## *De novo* TSS finding by CROWN-Seq and ReCappable-Seq

Jianheng Liu (Fox) @ Jaffrey Lab, May 31st, 2023

Concat: jil4026@med.cornell.edu

**Usage:** Modify `Prepartion` section to fit your computer. Modify `Variable` section before each run.All outputs will be saved in the `workpath`. Logs will be saved in the notebook. Don't close the `Notebook` before it finished (keep the backend at least)!

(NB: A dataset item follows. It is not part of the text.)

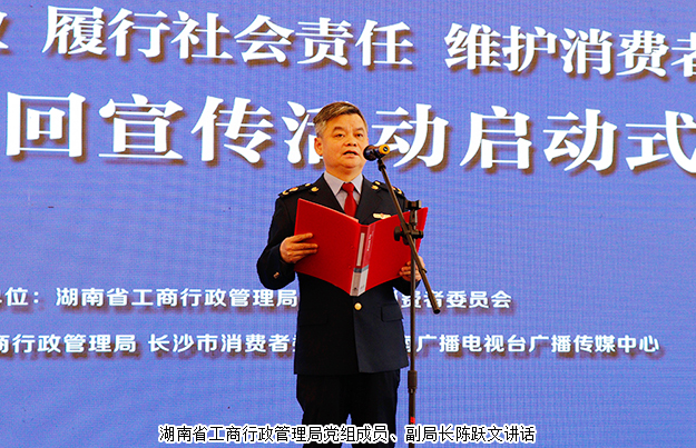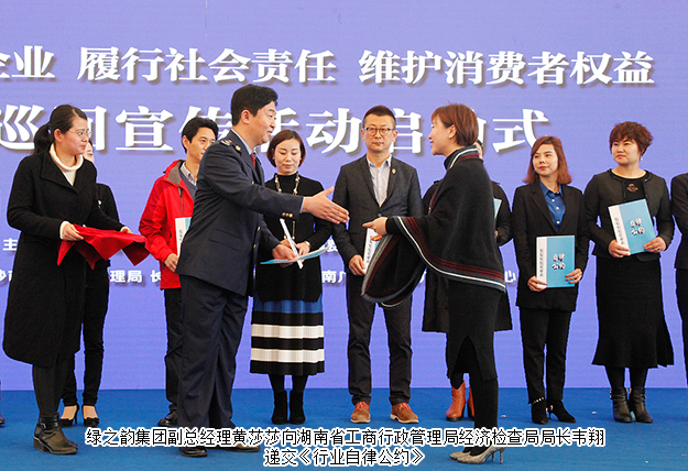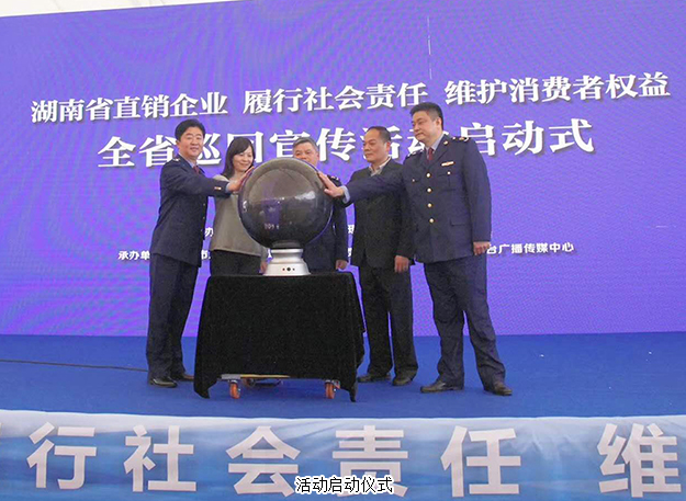2018年3月14日,湖南省直銷企業(yè)“履行社會責(zé)任、維護消費者權(quán)益”全省巡回宣傳活動啟動儀式在長沙舉行。湖南省工商行政管理局黨組成員、副局長陳躍文,湖南省消費者委員會副秘書長張前,湖南省工商行政管理局經(jīng)濟檢查局局長韋翔,湖南人民廣播電臺副臺長楊清,湖南省工商行政管理局經(jīng)濟檢查局副局長肖向陽等領(lǐng)導(dǎo)嘉賓蒞臨現(xiàn)場。綠之韻集團董事、總裁勞嘉,副總經(jīng)理黃莎莎、夏運良,湖南分公司經(jīng)理劉磊帶領(lǐng)部分員工和經(jīng)銷商代表參加此次活動。
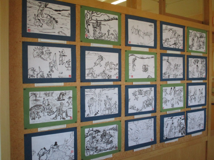 学年によって、書初の練習作品や図工の作品も掲示してありますのでご覧ください。

**Note 1:** In Jupyter notebook, `!` means using `bash` in the cell, and `$` means using python variables.

**Note 2:** This panel notebook should be compatible with `Python 3`. But please use `Python 2` to run the analytic scripts.

**Note 3:** I used Gencode v34 in the article for compatiblity. Here I use Ensembl release 104 for illustration. Newer annotations are normally better.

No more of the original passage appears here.